■ Information
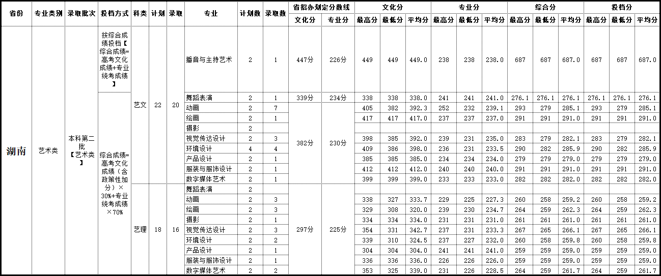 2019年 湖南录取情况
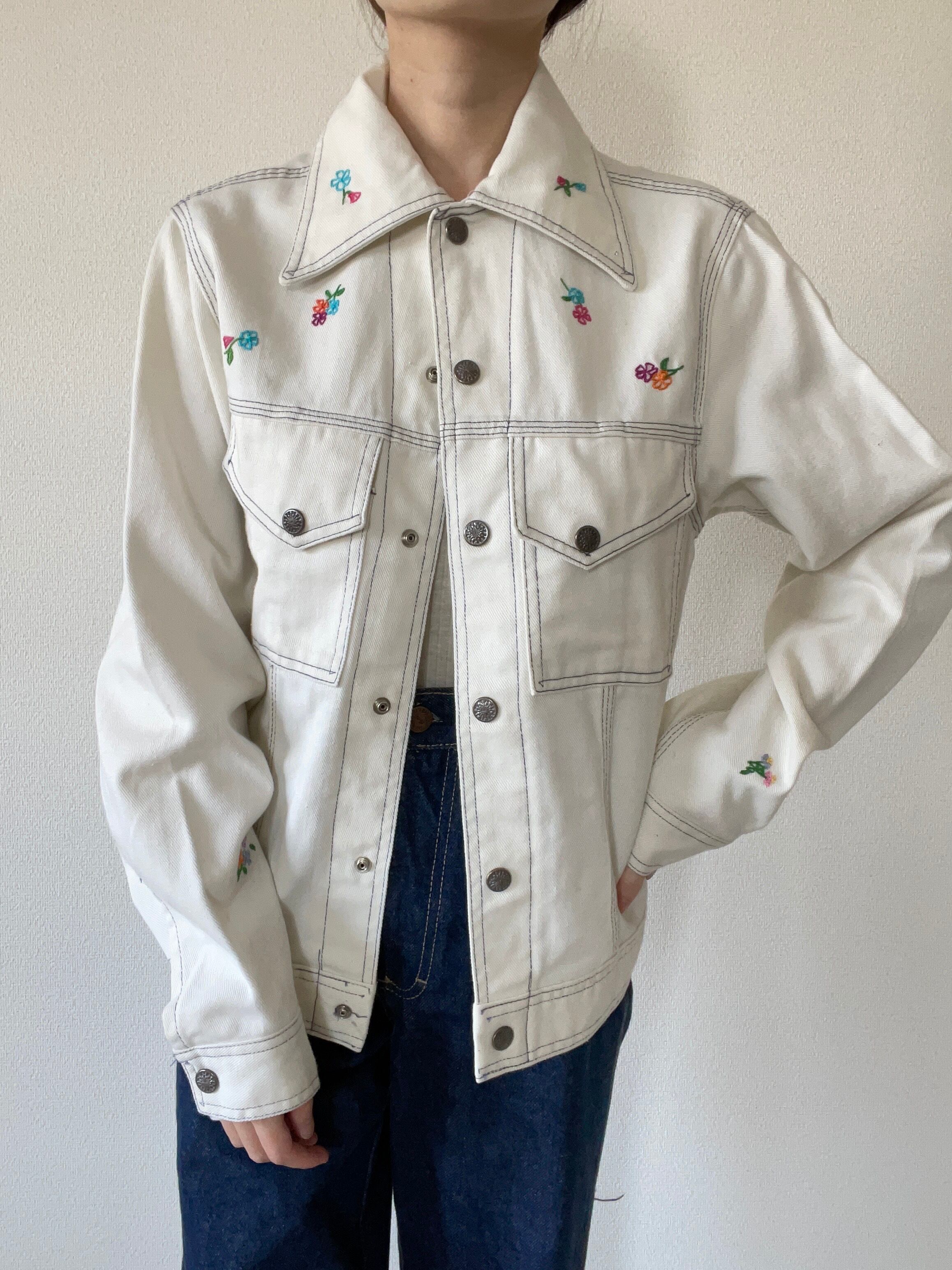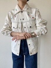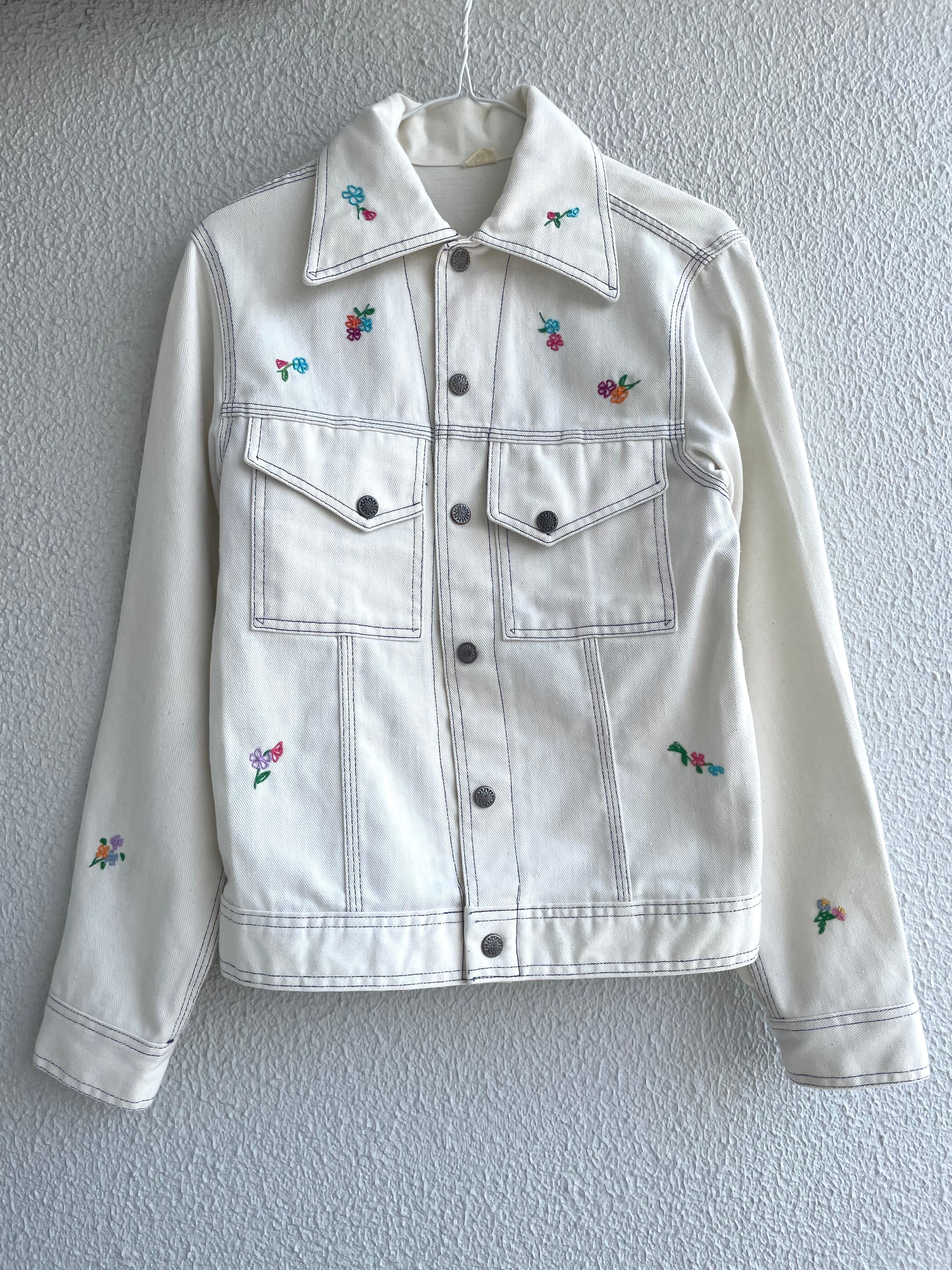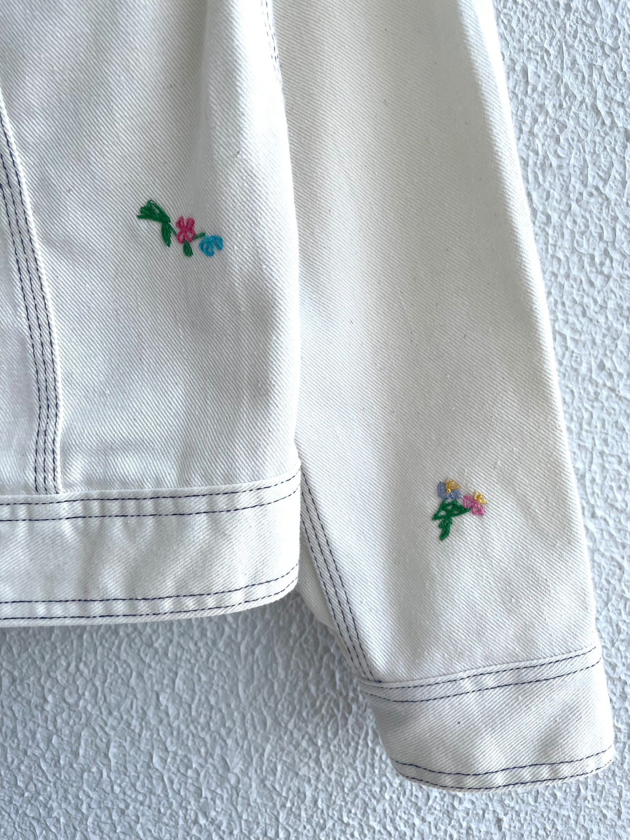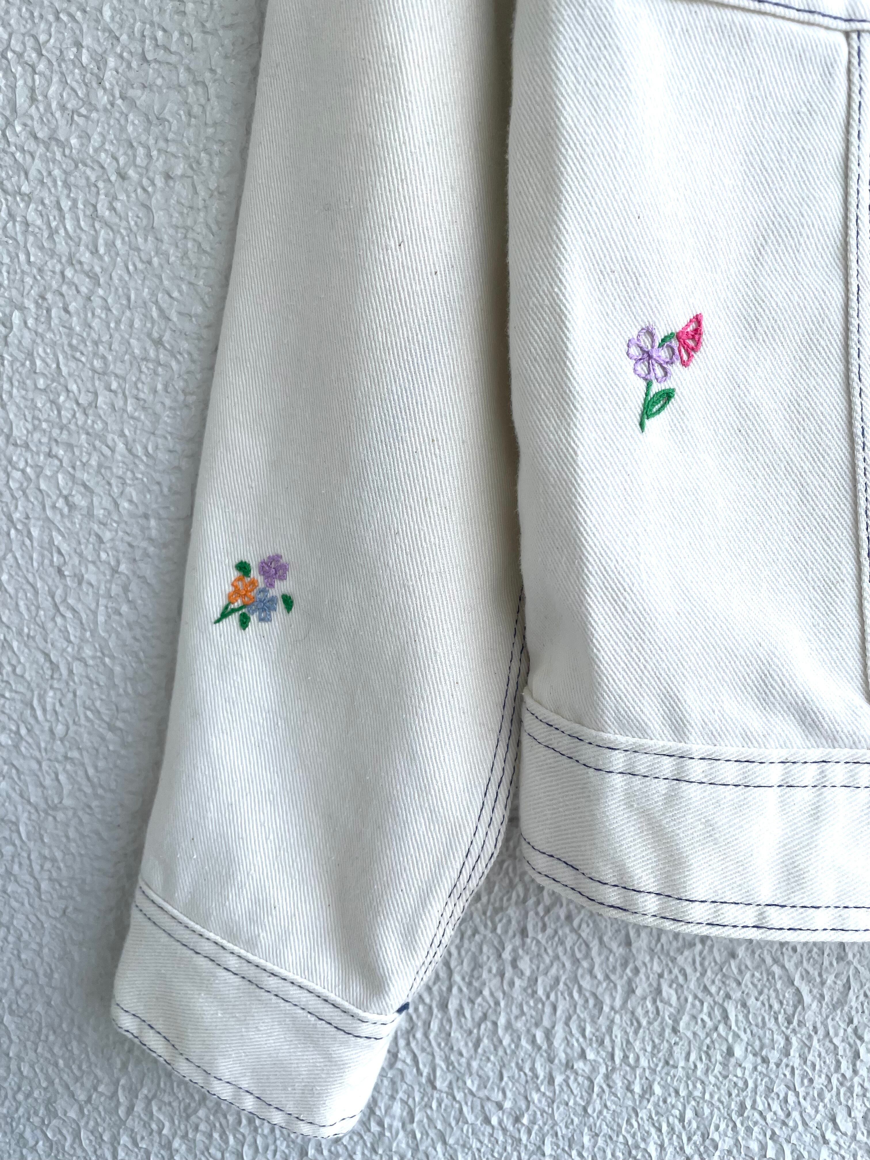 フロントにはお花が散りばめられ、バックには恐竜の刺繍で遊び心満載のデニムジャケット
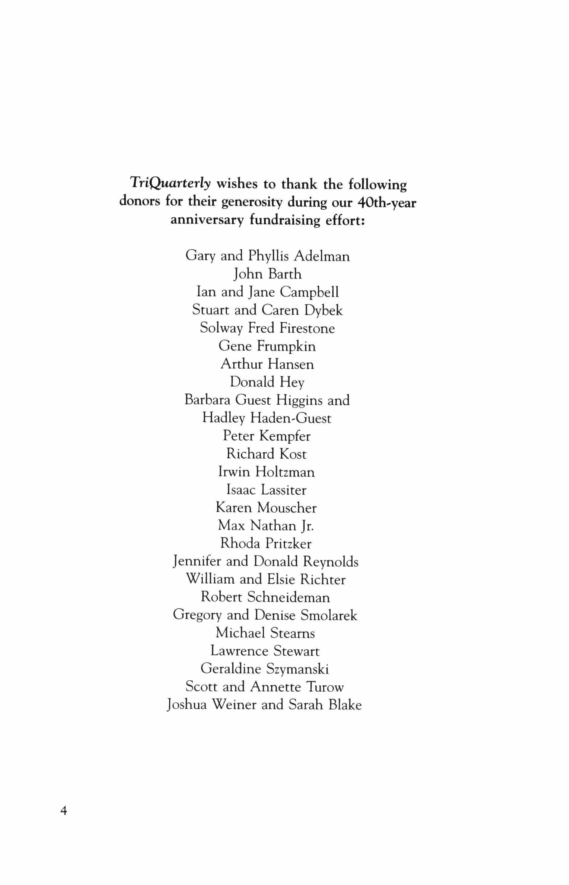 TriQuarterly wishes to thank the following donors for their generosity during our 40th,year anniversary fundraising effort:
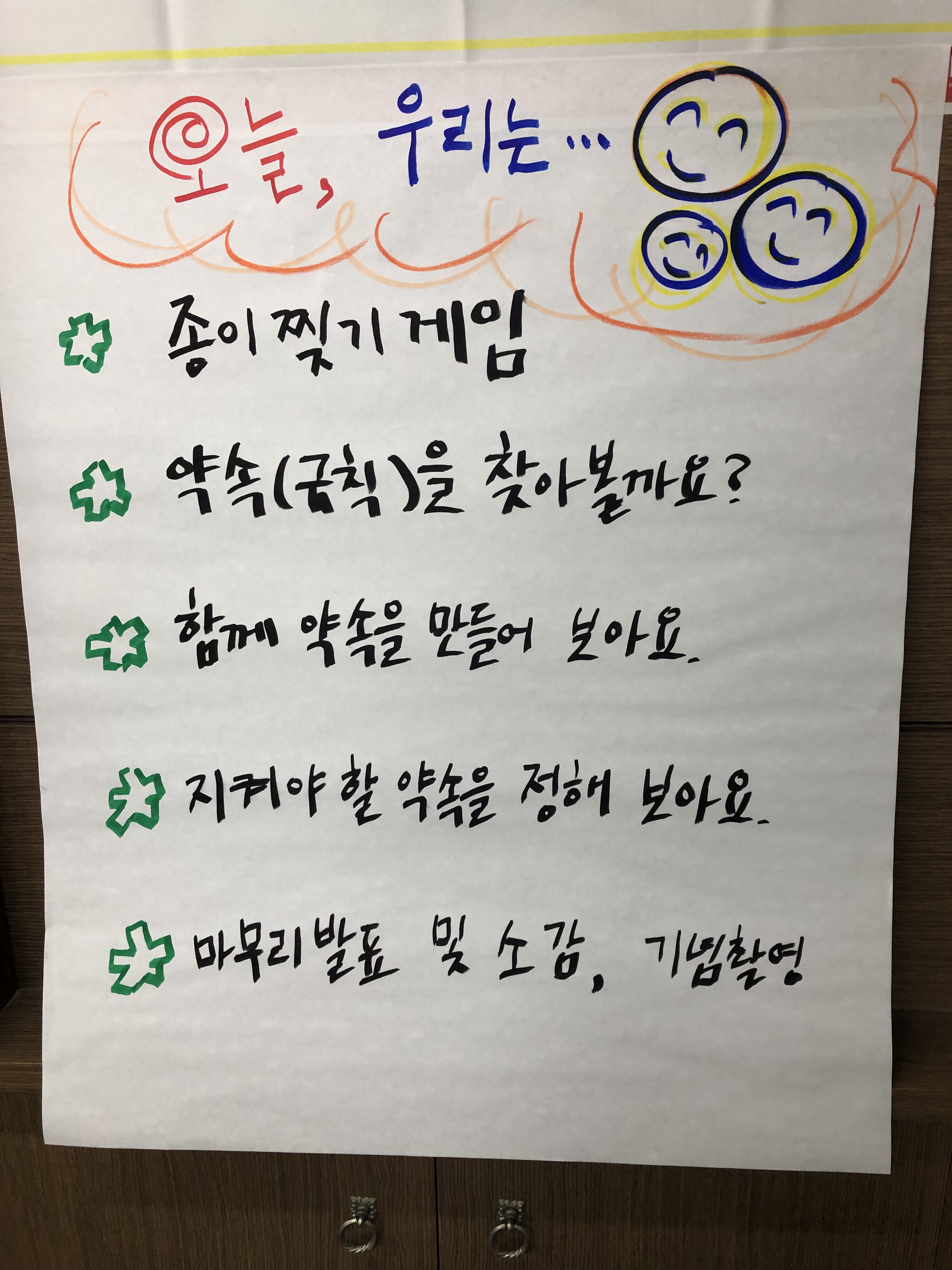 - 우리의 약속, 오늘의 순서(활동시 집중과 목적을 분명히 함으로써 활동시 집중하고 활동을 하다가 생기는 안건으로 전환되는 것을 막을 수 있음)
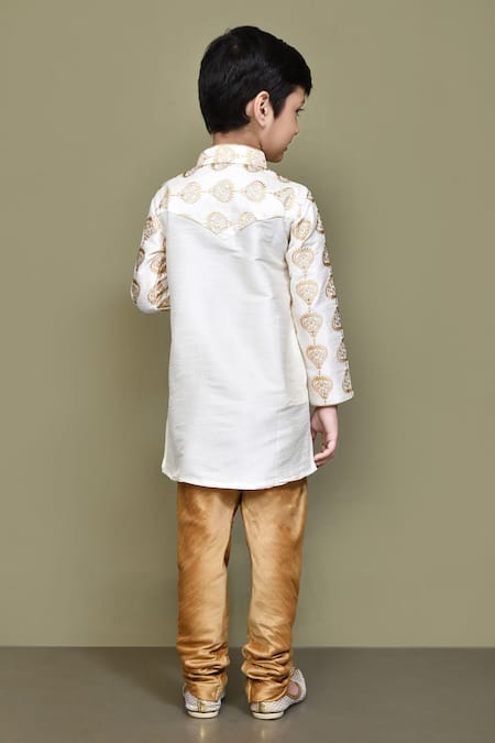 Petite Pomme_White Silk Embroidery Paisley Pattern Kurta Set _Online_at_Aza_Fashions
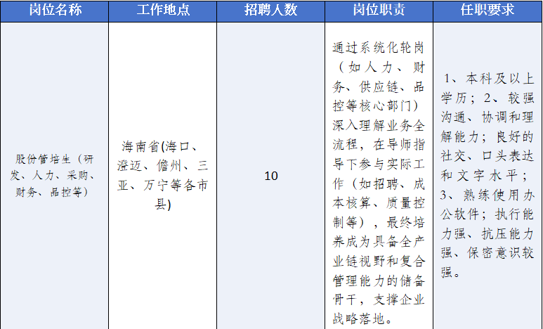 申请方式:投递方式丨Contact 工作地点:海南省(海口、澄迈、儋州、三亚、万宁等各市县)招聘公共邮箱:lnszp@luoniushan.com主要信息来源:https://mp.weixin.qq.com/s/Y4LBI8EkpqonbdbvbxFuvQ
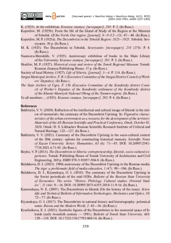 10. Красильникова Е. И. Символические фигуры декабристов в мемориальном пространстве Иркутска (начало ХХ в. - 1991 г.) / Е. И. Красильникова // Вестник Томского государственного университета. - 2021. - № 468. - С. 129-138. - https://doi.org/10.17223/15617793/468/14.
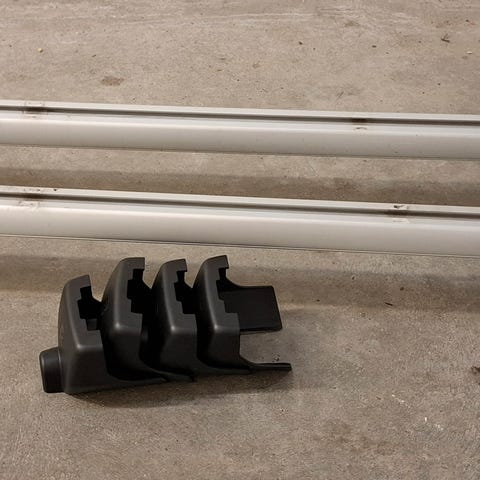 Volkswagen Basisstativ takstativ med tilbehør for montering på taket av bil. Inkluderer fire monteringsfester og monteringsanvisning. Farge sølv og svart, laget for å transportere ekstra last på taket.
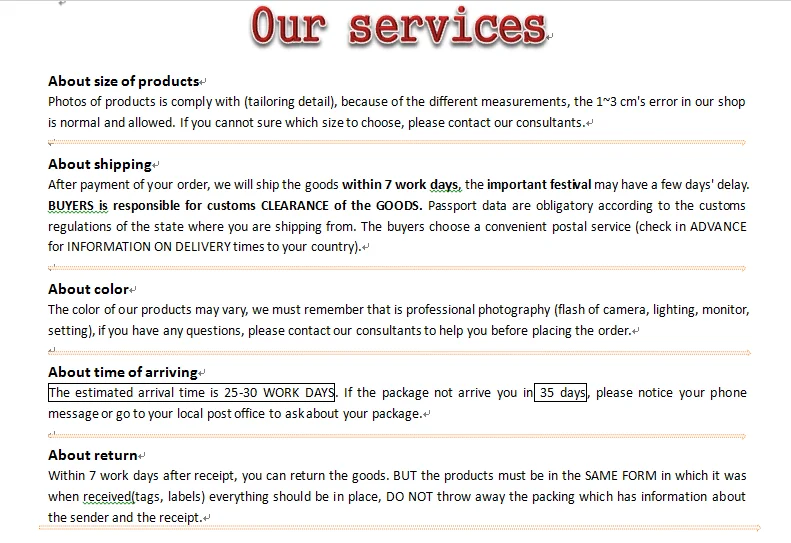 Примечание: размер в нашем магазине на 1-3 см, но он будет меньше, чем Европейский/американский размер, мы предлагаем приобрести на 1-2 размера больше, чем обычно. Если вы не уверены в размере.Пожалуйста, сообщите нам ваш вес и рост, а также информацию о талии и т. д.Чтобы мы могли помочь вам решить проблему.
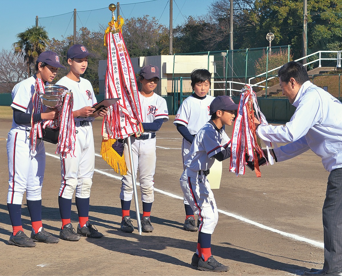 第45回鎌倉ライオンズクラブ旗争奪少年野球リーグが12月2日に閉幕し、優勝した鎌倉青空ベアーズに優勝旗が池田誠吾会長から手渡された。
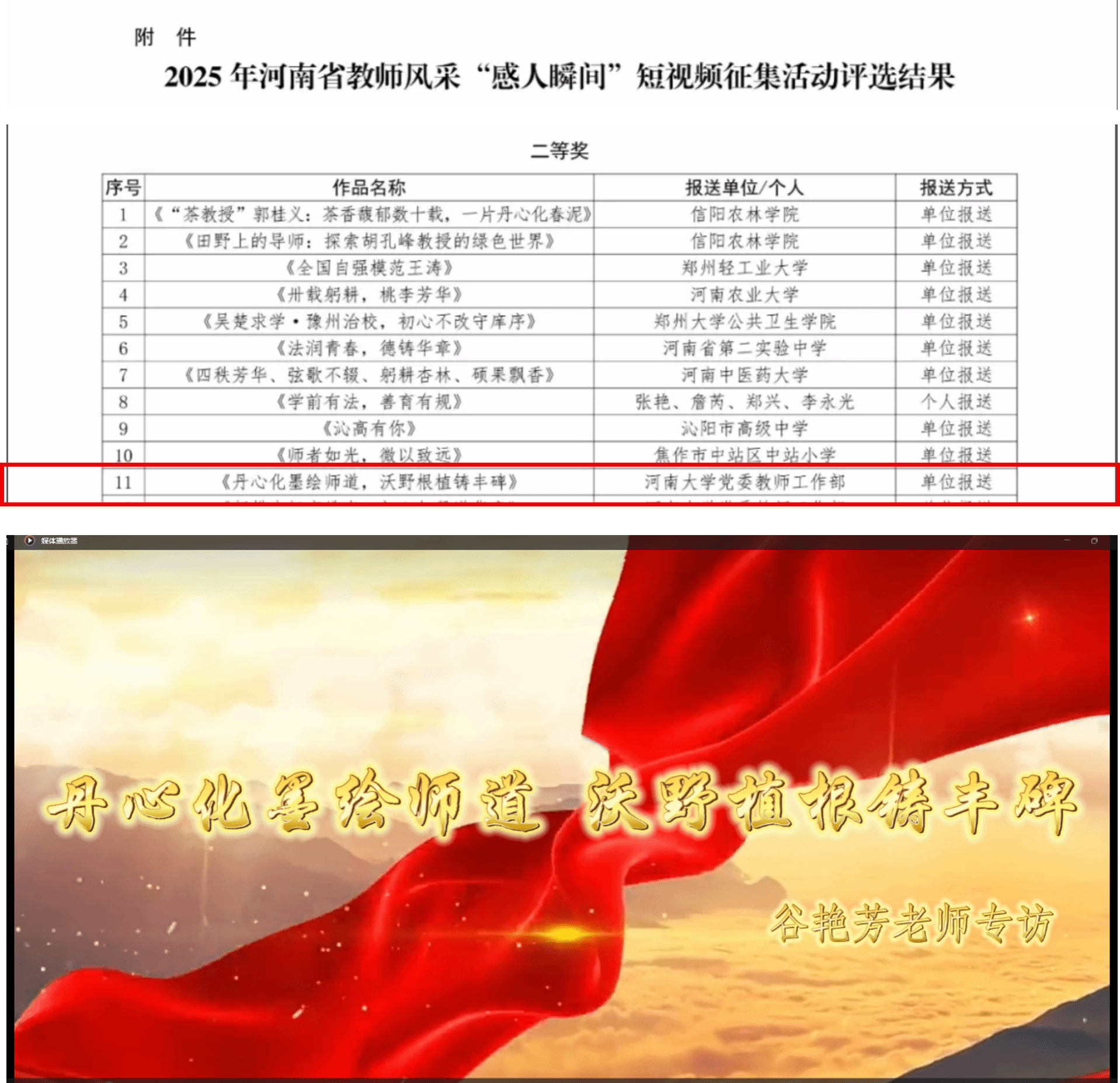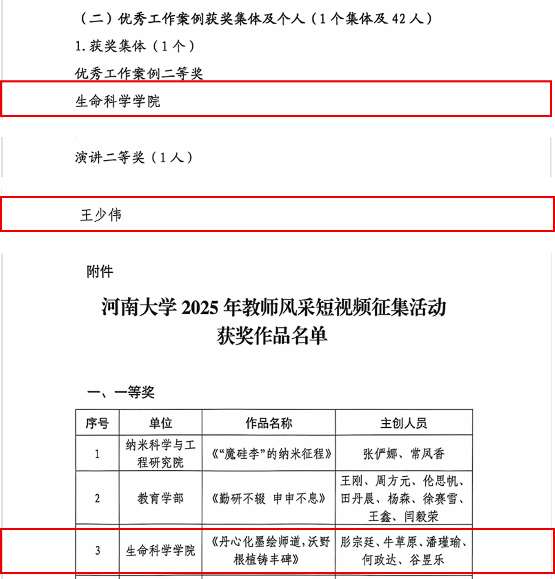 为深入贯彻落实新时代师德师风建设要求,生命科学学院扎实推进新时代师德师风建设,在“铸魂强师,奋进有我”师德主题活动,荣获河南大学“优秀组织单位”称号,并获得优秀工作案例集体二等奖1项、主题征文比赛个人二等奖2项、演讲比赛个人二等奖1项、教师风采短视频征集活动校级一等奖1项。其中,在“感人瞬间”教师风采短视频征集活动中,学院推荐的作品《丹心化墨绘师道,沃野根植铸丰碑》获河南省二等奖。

■ Task brief
"申请方式:投递方式丨Cont" marks the last line to keep. Retype every line from the start of the entries through that one, exactly, and drop the pictures.

■ Written response
 2019年 湖南录取情况
 フロントにはお花が散りばめられ、バックには恐竜の刺繍で遊び心満載のデニムジャケット
 TriQuarterly wishes to thank the following donors for their generosity during our 40th,year anniversary fundraising effort:
 - 우리의 약속, 오늘의 순서(활동시 집중과 목적을 분명히 함으로써 활동시 집중하고 활동을 하다가 생기는 안건으로 전환되는 것을 막을 수 있음)
 Petite Pomme_White Silk Embroidery Paisley Pattern Kurta Set _Online_at_Aza_Fashions
 申请方式:投递方式丨Contact 工作地点:海南省(海口、澄迈、儋州、三亚、万宁等各市县)招聘公共邮箱:lnszp@luoniushan.com主要信息来源:https://mp.weixin.qq.com/s/Y4LBI8EkpqonbdbvbxFuvQ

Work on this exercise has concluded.